[Piuparts-devel] Bug#705977: Faster reverse dependency calculation, and factor rdep chain length into package selection
Dave Steele
dsteele at gmail.com
Tue Apr 23 03:14:54 UTC 2013
Package: piuparts
Version: 0.50
Severity: wishlist
Tags: patch
thanks
This is a placekeeper for merging the faster-rdep-calc(10) and
rdep-chain-len(2) branches. The first attempts to speed master by only
calculating reverse dependency metrics on demand, by package. The
second builds on that by adding a reverse dependency chain length
metric, and uses that to weight the packages returned by reserve().

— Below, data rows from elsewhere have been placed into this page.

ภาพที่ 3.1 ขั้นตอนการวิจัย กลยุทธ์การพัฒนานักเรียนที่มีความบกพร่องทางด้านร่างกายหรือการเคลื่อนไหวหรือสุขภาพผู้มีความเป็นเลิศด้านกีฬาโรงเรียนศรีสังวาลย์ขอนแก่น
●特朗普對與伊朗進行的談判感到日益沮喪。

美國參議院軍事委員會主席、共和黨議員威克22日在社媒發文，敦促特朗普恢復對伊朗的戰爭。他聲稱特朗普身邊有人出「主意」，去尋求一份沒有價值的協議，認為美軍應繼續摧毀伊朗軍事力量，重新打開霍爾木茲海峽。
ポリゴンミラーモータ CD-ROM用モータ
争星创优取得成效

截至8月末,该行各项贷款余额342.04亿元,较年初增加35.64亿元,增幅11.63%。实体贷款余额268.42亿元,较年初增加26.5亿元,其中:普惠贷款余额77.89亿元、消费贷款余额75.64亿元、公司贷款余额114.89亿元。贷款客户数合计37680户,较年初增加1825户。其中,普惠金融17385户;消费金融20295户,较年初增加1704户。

https://github.com/davesteele/piuparts/commits/faster-rdep-calc
https://github.com/davesteele/piuparts/commits/rdep-chain-len
I've chosen not to restore the dependency on the current working
directory in detect_well_known_errors. That feature is localized to
one commit.
>From 9b5eba21462bc9e1e32df39c14f6559ebf42e271 Mon Sep 17 00:00:00 2001
From: David Steele <dsteele at gmail.com>
Date: Wed, 27 Feb 2013 19:07:09 -0500
Subject: [PATCH] Rework rdep metric calculations for faster operation.
---
debian/changelog | 6 ++
master-bin/detect_well_known_errors | 24 ++---
piuparts-report.py | 34 +++----
piupartslib/packagesdb.py | 166 ++++++++++++++++++-----------------
4 files changed, 115 insertions(+), 115 deletions(-)

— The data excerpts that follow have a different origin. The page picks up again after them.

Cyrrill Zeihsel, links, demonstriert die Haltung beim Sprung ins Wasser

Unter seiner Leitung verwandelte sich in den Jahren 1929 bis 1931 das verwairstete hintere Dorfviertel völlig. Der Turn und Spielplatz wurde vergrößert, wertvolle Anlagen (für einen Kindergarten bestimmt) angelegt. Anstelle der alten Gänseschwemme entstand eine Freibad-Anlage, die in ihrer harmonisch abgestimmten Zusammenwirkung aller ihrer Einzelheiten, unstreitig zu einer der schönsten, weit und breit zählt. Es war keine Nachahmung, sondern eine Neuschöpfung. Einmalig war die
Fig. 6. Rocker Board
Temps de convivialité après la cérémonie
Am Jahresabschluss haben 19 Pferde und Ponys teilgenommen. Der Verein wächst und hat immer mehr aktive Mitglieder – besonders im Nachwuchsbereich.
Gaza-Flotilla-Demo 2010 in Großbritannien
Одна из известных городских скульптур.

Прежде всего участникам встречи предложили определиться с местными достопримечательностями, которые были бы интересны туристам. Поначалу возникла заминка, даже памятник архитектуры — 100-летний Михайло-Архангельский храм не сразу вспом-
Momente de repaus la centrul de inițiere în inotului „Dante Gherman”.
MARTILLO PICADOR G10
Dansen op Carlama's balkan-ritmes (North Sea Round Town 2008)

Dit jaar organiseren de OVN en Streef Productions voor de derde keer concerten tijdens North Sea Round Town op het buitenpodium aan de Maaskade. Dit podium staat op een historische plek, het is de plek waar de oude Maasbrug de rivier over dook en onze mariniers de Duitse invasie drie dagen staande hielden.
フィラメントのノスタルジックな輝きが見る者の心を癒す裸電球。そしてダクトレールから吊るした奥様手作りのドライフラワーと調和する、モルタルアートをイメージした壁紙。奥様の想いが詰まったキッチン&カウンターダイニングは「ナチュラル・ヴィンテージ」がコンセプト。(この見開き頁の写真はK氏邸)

diff --git a/debian/changelog b/debian/changelog
index b4d1c4d..7cfff9e 100644
--- a/debian/changelog
+++ b/debian/changelog
@@ -70,6 +70,12 @@ piuparts (0.51) UNRELEASED; urgency=low
- Validate field names, and only use valid known problem conf files.
- Minor HTML syntax fix.
- Minor template integration.
+ * pupartslib/packagesdb.py
+ - Reworked rdep metrics (block_count, rrdep_count, waiting_count) to
+ calculate on-demand. Access methods are moved from Package to
+ PackagesDB.
+ - Add a metric for the worst-case reverse-dependency chain length.

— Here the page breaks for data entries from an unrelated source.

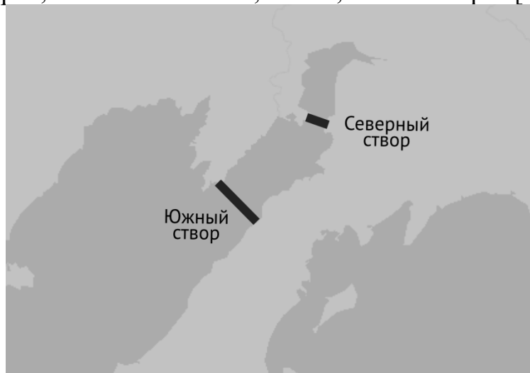
Рис.3. ПЭС-1 и ПЭС-2 (Северный и Южный створы)

В 1970-е годы установленная мощность Пенжинской ПЭС составляла до 100 ГВт. Данная цифра соответствует около 40% общей установленной мощности электростанций единой энергосистемы России. Согласно оценке института «Гидропроект» общая стоимость проекта была оценена более чем в $200 млрд. По заключению института в Пенжинской губе могут быть построены две крупные приливные электростанции, стоимость Пенжинской ПЭС-1 (Северный створ) (рис.3) должна была составить $60 млрд, ПЭС-2 (Южный створ) (рис.3) — $200 млрд. С целью осуществления проекта планировалось создать международный консорциум, который также включает энергопотребителей из других стран, таких как Япония, Китай, Южная Корея [6].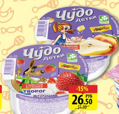
ТВОРОГ ЧУДО ДЕТКИ Груша и персик/Клубника 100г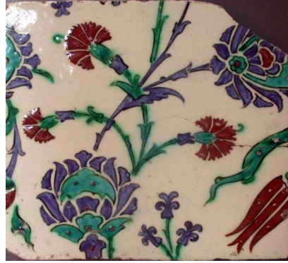
Res. 6: İznik çinisi, 17. yüzyıl. (Topkapı Sarayı Müzesi, Env. no. 250b3)

Elsley kataloguna 22.2.1887 tarihinde 2/104 ve 5/105 numaralarıyla kaydedilmiş, büyük bir panoya ait iki çini daha bulunmaktadır (Res. 7a-b). 11 Bu çiniler de İznik'te üretilmiş yaklaşık 1545 yıllarına ait çinilerden örnek alınmıştır. 12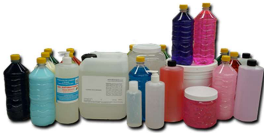
ARTÍCULOS DE LIMPIEZA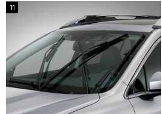
11 Wischerblätter vorne / hinten

Verhindert bei schlechtem Wetter das Eindringen von Regen/Schnee beim Fahren mit leicht geöffnetem Fenster.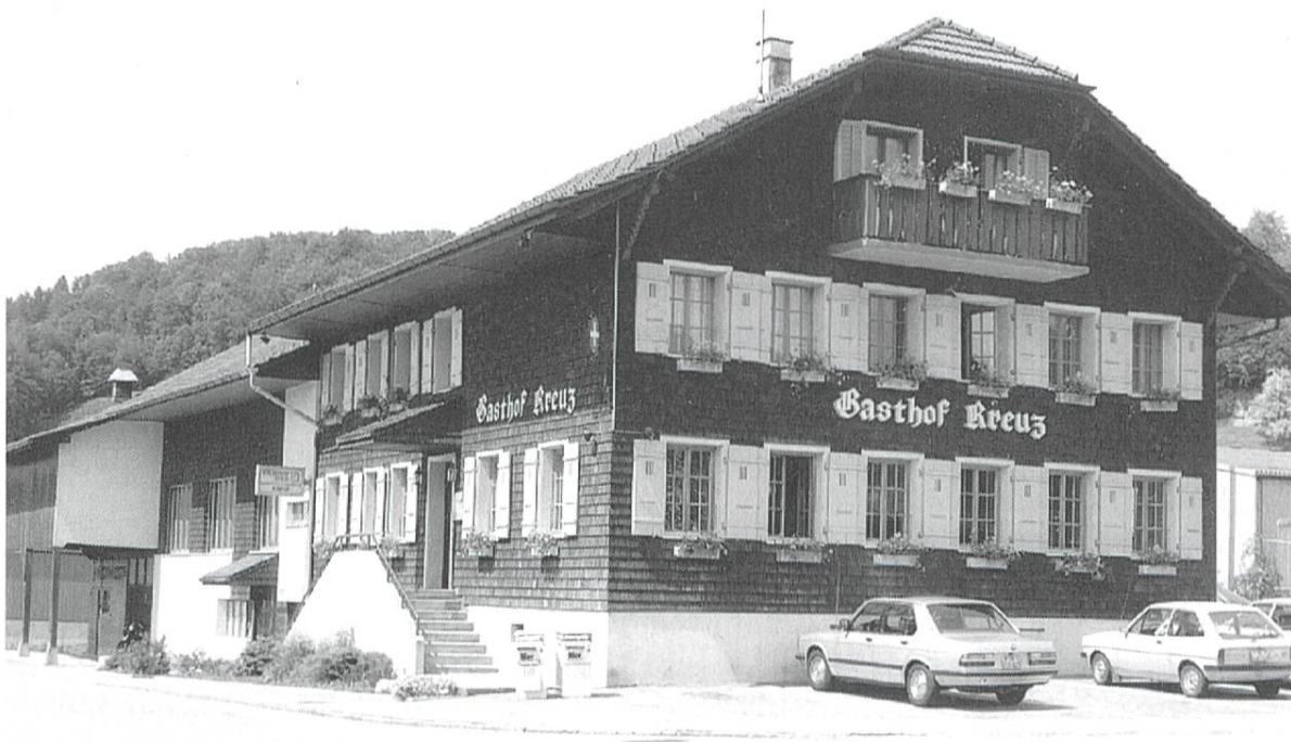
Abbildung 14: Der Gasthof Kreuz in Altbüron.

Der Schleichhandel suchte aber bald einmal die für die Kaufleute lästige Zollstätte zu umgehen und entdeckte rasch zahlreiche Schlupflöcher, was besonders für das im Norden und Westen grenznahe Amt Willisau galt. Zwischen 1677 und 1681 erhielt Hüswil (neben andern) und Ende der 1680er Jahre Mehlsecken eine Zollstätte. 1724 folgte Altbüron nach. Denn es war in Schwung gekommen, dass ausserkantonale Viehhändler ihr auf dem Markt in Geiss gekauft Vieh über den Bodenberg Richtung Altbüron und dann über die Grenze führten, um den Zoll in Reiden zu umgehen. Doch scheinen alle diese Massnahmen den Zollbetrug und die Nachlässigkeit der Zollaufseher nicht beseitigt zu haben. Deshalb wurde ab 1765 ein gestrafftes Zollregiment eingeführt. Entsprechend wurden in unserm Gebiet neu die Zollstellen von Luthern, Grossdietwil, Ludligen, St. Urban, Pfaffnau, Hinter- und Vordermoos (Reiden/Wikon) errichtet. Das Volk geriet darob in grosse Empörung. Als 1848 der Bundesstaat den Staatenbund mit seinen kantonalen Souveränitäten ablöste, fielen auch die kantonalen Zollstätten dahin. Ende des 18. Jahrhunderts waren es im gesamten Luzernbiet 36 (!) gewesen. Die Kartenskizze gibt davon ein sprechendes Bild (entnommen aus «Bevölkerung und Wirtschaft des Kantons Luzern im 18. Jahrhundert» von Hans Wicki).

+ - Weight the reserved packages returned by this additional factor.
[ Holger Levsen ]
* piuparts.py:
diff --git a/master-bin/detect_well_known_errors b/master-bin/detect_well_known_
index 6810a26..2ca1f4e 100755
--- a/master-bin/detect_well_known_errors
+++ b/master-bin/detect_well_known_errors
@@ -225,8 +225,9 @@ class FailureManager():
def keyfunc( x, pkgsdb=self.pkgsdb, logdict=self.logdict):
try:
pkg_name = get_pkg(x.pkgspec)
- rdeps = pkgsdb.get_package(pkg_name).rrdep_count()
- except KeyError:
+ rdeps = pkgsdb.rrdep_count(
+ pkgsdb.get_package(pkg_name))
+ except (KeyError, AttributeError):
rdeps = 0
is_failed = get_where(logdict[x.pkgspec]) == "fail"
@@ -374,8 +375,8 @@ def update_tpl( basedir, section, problem, failures, logdict
bin_pkg = get_pkg(pkgspec)
try:
src_pkg = source_pkg(pkgspec, pkgsdb)
- rdep_cnt = pkgsdb.get_package(bin_pkg).rrdep_count()
- except KeyError:
+ rdep_cnt = pkgsdb.rrdep_count(pkgsdb.get_package(bin_pkg))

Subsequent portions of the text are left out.